/AI-vs-Human-Generated-Text

Primary LanguagePython

AI-vs-Human-Generated-Text

AIPD

AIPD - AI Persona Detector, This open-source tool is designed to detect whether text content has been generated by AI algorithms or authored by humans.

Detecting Human vs AI Generated Text

Team Members

  • Shreyas Aswar
  • Hymavathi Gummudala
  • Hasaranga Jayathilake

Objective

In the recent past, more concern was given to plagiarism and not utilizing proper citations of the original works in academia. However, due to technological advancements in the current world, more people are using AI-generated texts for their day-to-day tasks to shorten the time consumed in typing work, like writing reply emails. Moreover, in the field of academia, using AI-generated work to finalize tasks has become a very generalized approach (Ge & Wang 2024). This creates a major issue where people could not check the authenticity of the thoughts coming from the academic field, as it becomes a gray area to determine whether it is generated by a human or what percentage of the AI was used for the work. Because of that, currently, more and more new AI detecting mechanisms are being developed to identify AI-generated works.

Research Gap

From the literature, it was identified that there is a research gap in understanding the utilization of statistical linguistic features of the language into a neural network framework (Ge & Wang 2024). Since under natural language processing, word classification is still not that extensively researched area, where still, most of the models have very low accuracy levels compared to other areas in NLP technology (Papers with Code, 2023).
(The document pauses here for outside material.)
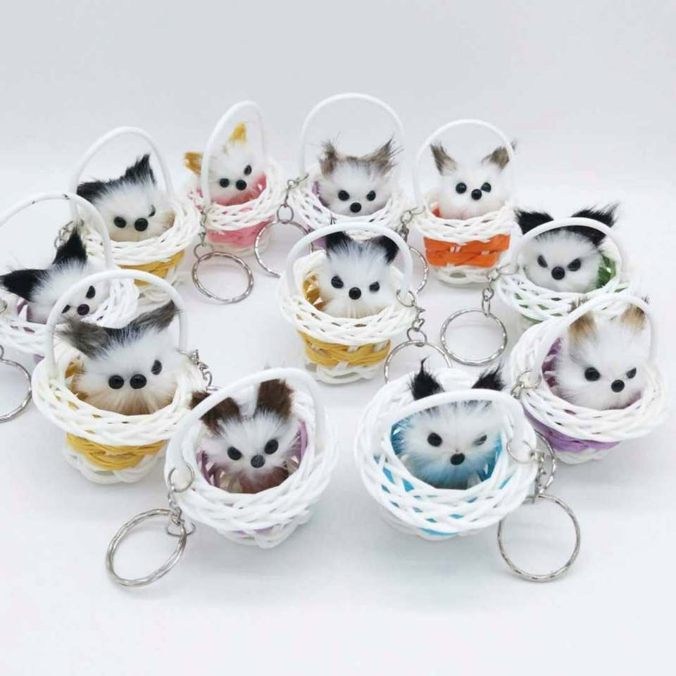 Popular gato zorro llaveros de peluche juguetes pequeña cesta redonda gato simulación gatito característica Mini cesta gatito peluche llavero

Research Question and Goal

How to combine statistical linguistic features with a Neural Network in order to develop a model to identify and differentiate the AI-generated and human-generated text classification work is considered the research goal and the research question of this project.

Data Flow of the Project

  1. Data Collection:

    • Data was collected from a Kaggle website, consisting of two columns: Text and Labels (0 for human, 1 for AI).

  2. Preprocessing:

    • Checked for missing values in the dataset.
    • Assessed dataset balance to ensure it's not imbalanced.

  3. Data Splitting:

    • The dataset was split into training (80%) and testing (20%) sets.

  4. Tokenization and Padding:

    • Sentences were tokenized, breaking them into tokens.
    • All sentences were standardized to equal length using padding.

  5. Feature Extraction:

    • Linguistic features such as average word length, text length, etc., were extracted from the text data.

  6. Model Building:

    • Two models were developed:
      • A CNN model for processing text data.
      • An MLP (Multi-Layer Perceptron) model for handling linguistic features.
    • The outputs of both models were concatenated.

  7. Additional Layer:

    • An additional feedforward layer with sigmoid activation was added.

  8. Model Compilation:

    • The model was compiled using the Adam optimizer and binary cross-entropy loss function.

  9. Model Training:

    • The model was trained on the training data for 10 epochs.

  10. Model Evaluation:

  • The model's performance was evaluated on the test data.
  • Achieved an accuracy of 99%.
  1. Testing on New Data:
  • A dataset containing AI and human-generated text was downloaded from GitHub.
  • Some samples of text were taken and tested with the trained model.
  • The model correctly predicted whether the text was AI-generated or human-generated.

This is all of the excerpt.